Intel Compiler versus GCC

When I compile an application with Intel's compiler it is slower than when I compile it with GCC. The Intel compiler's output is more than 2x slower. The application contains several nested loops. Are there any differences between GCC and the Intel compiler that I am missing? Do I need to turn on some other flags to improve the Intel compiler's performance? I expected the Intel compiler to be at least as fast as GCC.
Compiler Versions:
Intel version 12.0.0 20101006
GCC version 4.4.4 20100630
The compiler flags are the same with both compilers:
-O3 -openmp -parallel -mSSE4.2 -Wall -pthread
I have no experience with the intel compiler so I can't answer whether you are missing some flags or not.
However from what I recall recent versions of gcc are generally as good at optimizing code as icc (sometimes better, sometimes worse (although most sources seem to indicate to generally better)), so you might have run into a situation where icc is particulary bad.
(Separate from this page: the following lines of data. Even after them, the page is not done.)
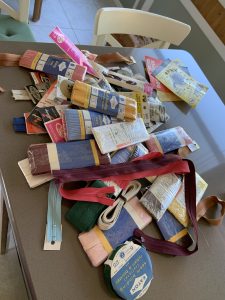 I cleaned out the sewing basket, threw out every open package and kept only the sealed ones. The variety of zippers, binding and other assorted items were all bought more than 50 years ago, almost all from Eaton’s according to the labels. I could picture my Grandmother shopping the sales up there on the fourth floor, probably hiding them from my Grandfather in this wicker sewing basket. Sold on Facebook, it’s going to be someones Christmas present.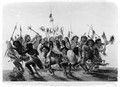 M0005518: Illustration of a Maori man performing the tutu ngarahu war dance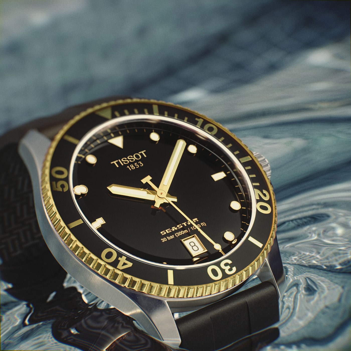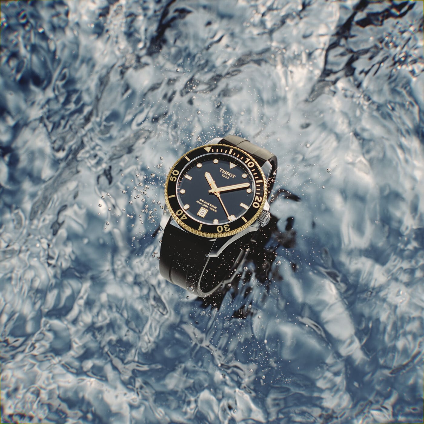 Nurkowy czasomierz od szwajcarskiej marki zegarmistrzowskiej Tissot. Zegarek Tissot Seastar 1000 to przykład godnego towarzysza do uprawiania sportów wodnych, ale i nie tylko. Tissot prezentuje kultowy zegarek ze sportowej rodziny zegarków Seastar 1000 w czarnej kolorystyce.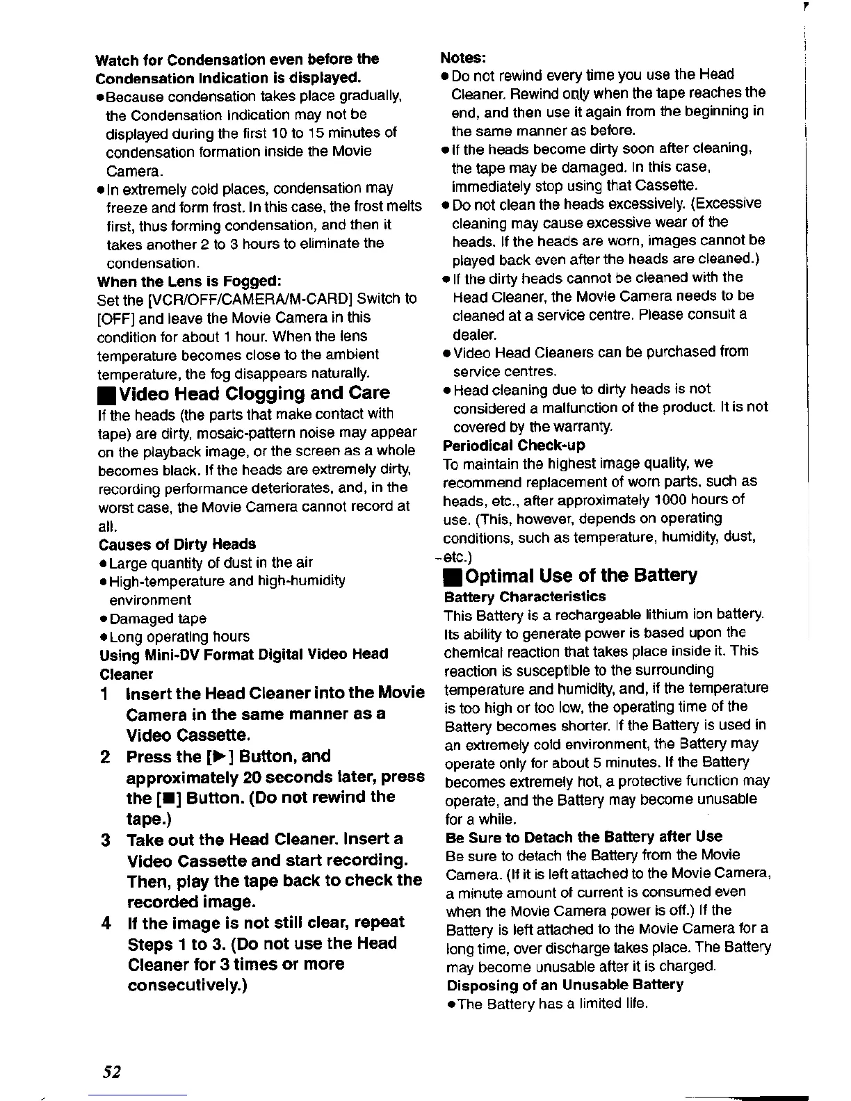 Panasonic NV-DS60A - Video Head Clogging & Care; Optimal Use of Battery

Examples for what optimizations each compiler can do can be found here and here. Even if gcc is not generally better you could simply have a case which gcc recognizes for optimization and icc doesn't. Compilers can be very picky about what they optimize and what not, especially regarding things like autovectorization.
If your loop is small enough it might be worth it to compare the generated assembly code between gcc and icc. Also if you show some code or at least tell us what you are doing in your loop we might be able to give you better speculations what leads to this behaviour. For example in some situations. If it's a relatively small loop it is likely a case of icc missing one (or some, but probably not many) optimization which either have inherently good potential (prefetching, autovectorization, unrolling, loop invariant motion,...) or which enable other optimizations (primarily inlining).
Note that I'm only talking about optimization potential when I compare gcc to icc. In the end icc might typically generate faster code then gcc, but not so much because it does more optimizations, but because it has a faster standard library implementation and because it is smarter about where to optimize (on high optimization levels gcc gets a little bit overeager (or at least it used to) about trading code size for (theoretical) runtime improvements. This can actually hurt performance, e.g. when the carefully unrolled and vectorized loop is only ever executed with 3 iterations.
I normally use -inline-level=1 -inline-forceinline to make sure that functions which I have explicitly declared inline actually do get inlined. Other than that I would expect ICC performance to be at least as good as with gcc. You will need to profile your code to see where the performance difference is coming from. If this is Linux then I recommend using Zoom, which you can get on a free 30 day evaluation.